> [Problem to work on] Verbatim copy without images: return all of the data as it stands.

> [Record extracts]
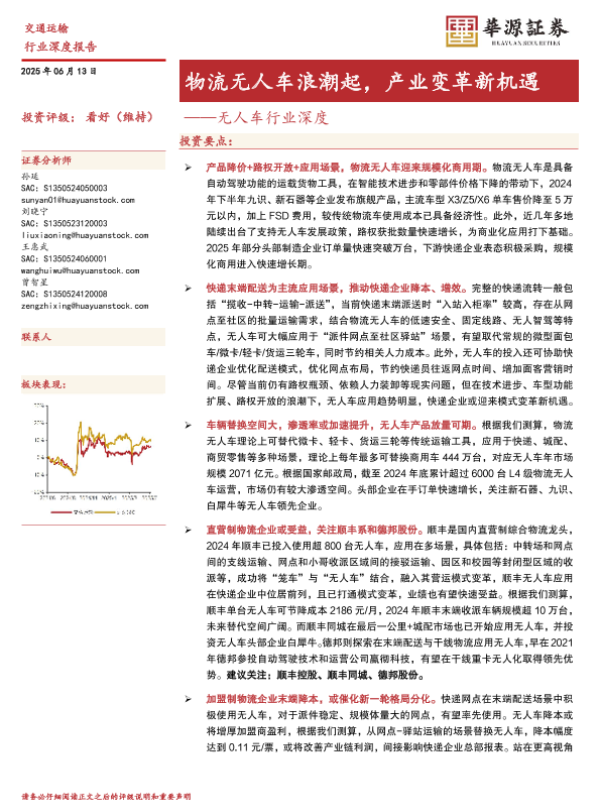【华源证券】【20250613】物流无人车浪潮起,产业变革新机遇-33页 证券期货研究报告
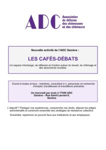 Nouvelle Activité de l’ADC Genève :LES CAFÉS-DÉBATS Un espace d’échange, de réflexion et d’action autour du travail, du chômage et des assurances sociales. Ouvert à toutes et tous : membres, consultant·e·s, personnes en recherche d’emploi, travailleuses et travailleurs précaires. Un mercredi par mois à 17h00 ADC Genève – Rue Saint-Laurent 8, Genève |
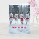 The different textures of the marshmallows, twigs, and scarves bring depth to the composition. The mix of red tones in the scarves adds a unique touch to each character. In the front, the words "FROM ALL OF US." in bold red letters bring a personal touch to the scene, making it a heartfelt holiday greeting from a group. This card is perfect for spreading holiday cheer and goodwill. 🎅🏼🎄🎁
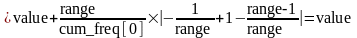 Из выружения (1) имеем: ≤value + 1 – 1/cum_freq[0], поэтому low'≤value, т.к. и value, и low', и cum_freq[0] > 0.
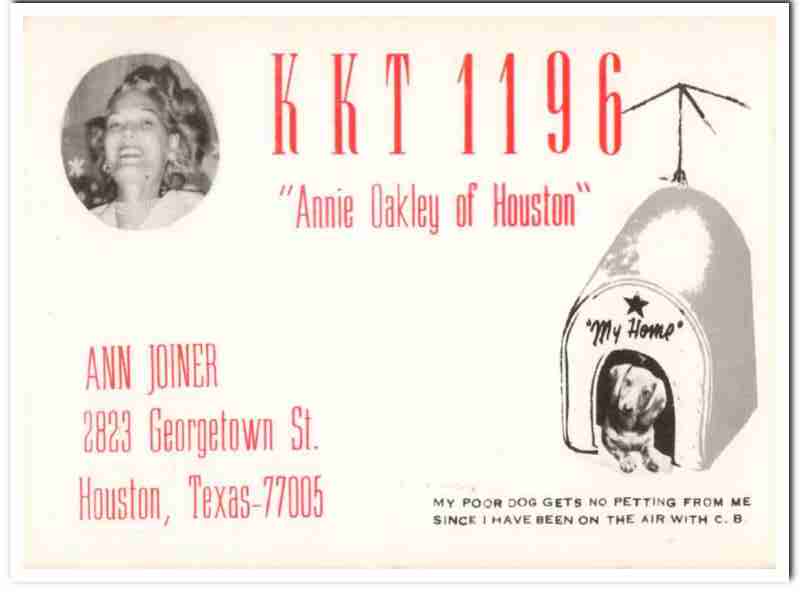 Original QSL postcard from the mid to late 1960s.This card was sent from CB radio station: KKT-1196. Was issued to Ann Joiner, at 2833 Georgetown Street, Houston, Texas. Her CB handle was Annie Oakley of Houston. My poor dog gets no petting from me since I have been on the air with C.B. During the 1920s and 1930s, amateur ham radio operators adopted the practice of two-way exchanging of QSL postcards, to confirm their radio contact, with a report of reception. QSL cards got to be known as wallpaper, commonly used to decorate the walls of their radio equipment room. During the 1960s, CB citizen band radio became popular, and the practice of exchanging QSL cards to confirm radio contacts was enjoyed by many with this new hobby. Today, these cards are very collectible and look great matted and framed.

> [Response to the task]
【华源证券】【20250613】物流无人车浪潮起,产业变革新机遇-33页 证券期货研究报告
 Nouvelle Activité de l’ADC Genève :LES CAFÉS-DÉBATS Un espace d’échange, de réflexion et d’action autour du travail, du chômage et des assurances sociales. Ouvert à toutes et tous : membres, consultant·e·s, personnes en recherche d’emploi, travailleuses et travailleurs précaires. Un mercredi par mois à 17h00 ADC Genève – Rue Saint-Laurent 8, Genève |
 The different textures of the marshmallows, twigs, and scarves bring depth to the composition. The mix of red tones in the scarves adds a unique touch to each character. In the front, the words "FROM ALL OF US." in bold red letters bring a personal touch to the scene, making it a heartfelt holiday greeting from a group. This card is perfect for spreading holiday cheer and goodwill. 🎅🏼🎄🎁
 Из выружения (1) имеем: ≤value + 1 – 1/cum_freq[0], поэтому low'≤value, т.к. и value, и low', и cum_freq[0] > 0.
 Original QSL postcard from the mid to late 1960s.This card was sent from CB radio station: KKT-1196. Was issued to Ann Joiner, at 2833 Georgetown Street, Houston, Texas. Her CB handle was Annie Oakley of Houston. My poor dog gets no petting from me since I have been on the air with C.B. During the 1920s and 1930s, amateur ham radio operators adopted the practice of two-way exchanging of QSL postcards, to confirm their radio contact, with a report of reception. QSL cards got to be known as wallpaper, commonly used to decorate the walls of their radio equipment room. During the 1960s, CB citizen band radio became popular, and the practice of exchanging QSL cards to confirm radio contacts was enjoyed by many with this new hobby. Today, these cards are very collectible and look great matted and framed.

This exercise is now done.